▶ _DATA BLOCK_
"""
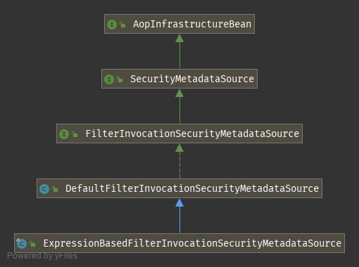 元数据加载器 FilterInvocationSecurityMetadataSource是 FilterSecurityInterceptor 的属性,UML 图如下:
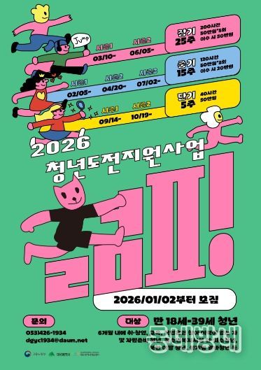 동네방네 김형규 기자 | 대구광역시는 취업에 어려움을 겪고 있는 청년들의 구직 의욕과 자신감 회복, 취업역량 강화를 위해 청년도전지원사업 ‘젊핑’ 중기과정(15주) 시즌1 참여자 50명을 선착순 모집하고 있다.
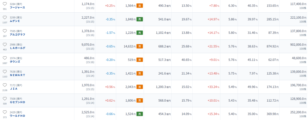 - スクリーニング16件のうち、不動産業が過半数を占める(3284・3299・2986)
"""
▶ _TASK STATEMENT_
Please repeat the lines above from the line containing "동네방네 김형규 기자" through the final line, both included, exactly as they stand and without pictures.

▶ _COMPLETED EXERCISE_
 동네방네 김형규 기자 | 대구광역시는 취업에 어려움을 겪고 있는 청년들의 구직 의욕과 자신감 회복, 취업역량 강화를 위해 청년도전지원사업 ‘젊핑’ 중기과정(15주) 시즌1 참여자 50명을 선착순 모집하고 있다.
 - スクリーニング16件のうち、不動産業が過半数を占める(3284・3299・2986)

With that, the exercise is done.